→ Task inputs:
━━━━━━
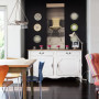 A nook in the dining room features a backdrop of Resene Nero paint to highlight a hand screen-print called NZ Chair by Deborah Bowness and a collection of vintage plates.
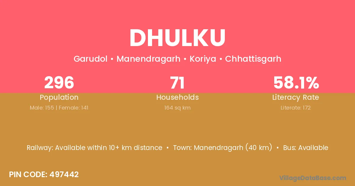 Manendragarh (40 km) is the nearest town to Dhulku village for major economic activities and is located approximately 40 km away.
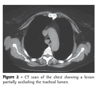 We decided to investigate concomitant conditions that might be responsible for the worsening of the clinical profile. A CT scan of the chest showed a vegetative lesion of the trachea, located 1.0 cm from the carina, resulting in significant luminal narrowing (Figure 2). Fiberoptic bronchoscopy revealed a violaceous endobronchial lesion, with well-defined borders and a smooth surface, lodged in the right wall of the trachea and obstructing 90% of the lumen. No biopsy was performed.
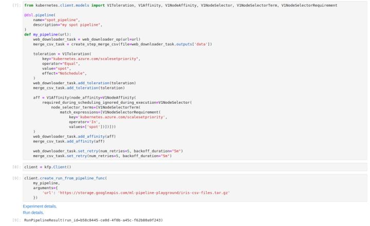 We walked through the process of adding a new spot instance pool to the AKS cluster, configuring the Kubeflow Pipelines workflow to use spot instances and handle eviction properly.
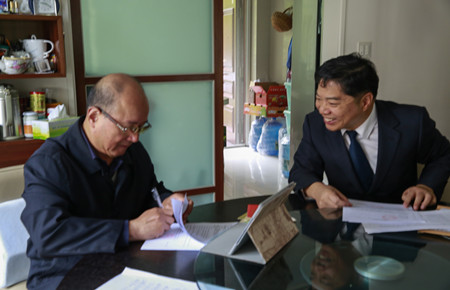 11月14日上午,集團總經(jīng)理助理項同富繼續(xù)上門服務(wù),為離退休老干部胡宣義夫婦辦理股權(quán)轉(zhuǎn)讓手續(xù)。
━━━━━━
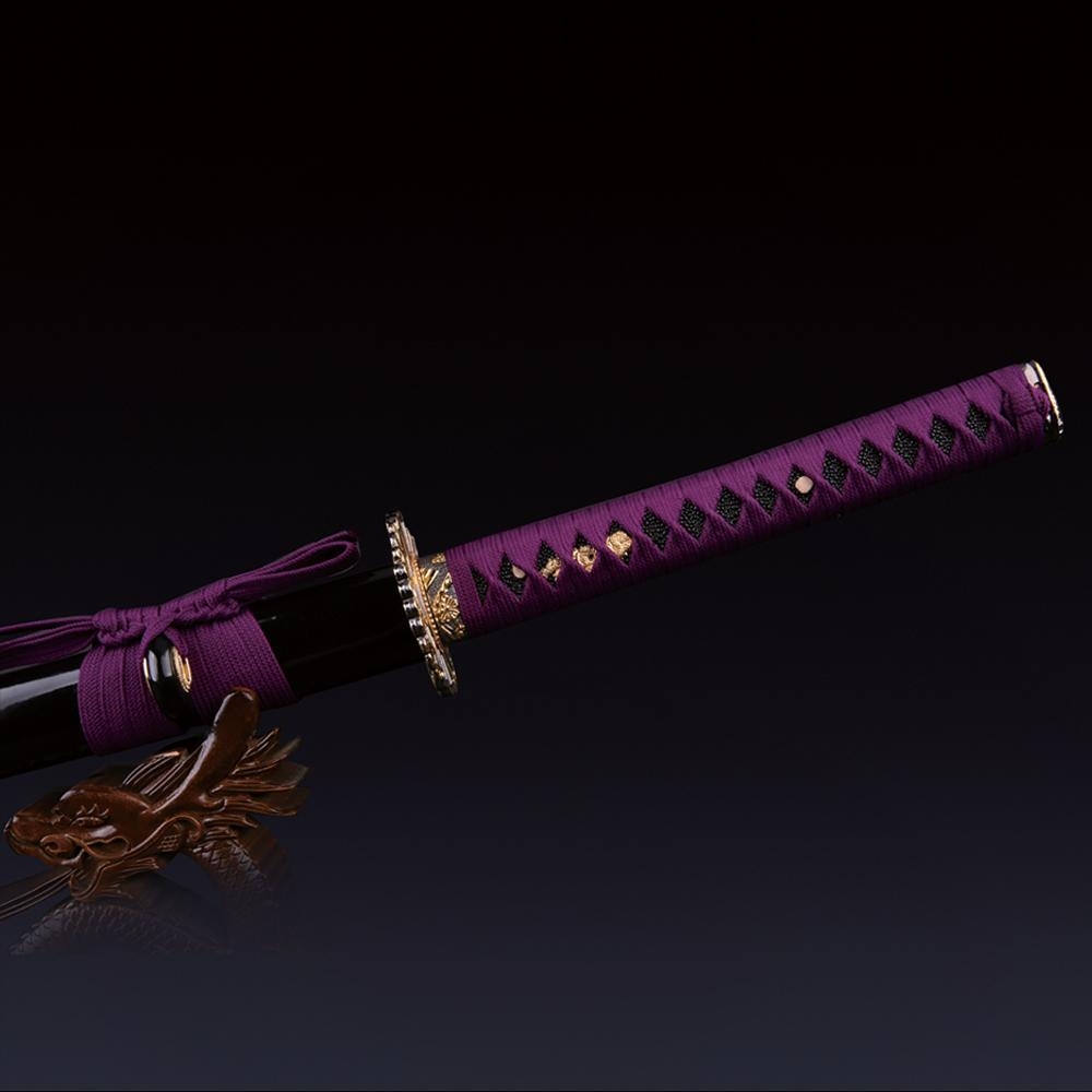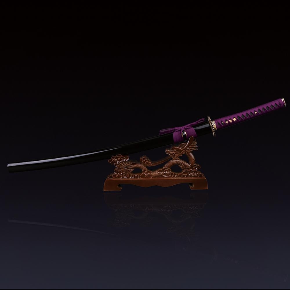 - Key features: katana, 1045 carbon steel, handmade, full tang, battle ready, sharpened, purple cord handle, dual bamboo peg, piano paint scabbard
━━━━━━
→ Exercise directions:
Would you copy the lines above exactly, starting with the one that has "A nook in the" and ending with the one that has "We decided to", both included, without the pictures?

→ Reply:
 A nook in the dining room features a backdrop of Resene Nero paint to highlight a hand screen-print called NZ Chair by Deborah Bowness and a collection of vintage plates.
 Manendragarh (40 km) is the nearest town to Dhulku village for major economic activities and is located approximately 40 km away.
 We decided to investigate concomitant conditions that might be responsible for the worsening of the clinical profile. A CT scan of the chest showed a vegetative lesion of the trachea, located 1.0 cm from the carina, resulting in significant luminal narrowing (Figure 2). Fiberoptic bronchoscopy revealed a violaceous endobronchial lesion, with well-defined borders and a smooth surface, lodged in the right wall of the trachea and obstructing 90% of the lumen. No biopsy was performed.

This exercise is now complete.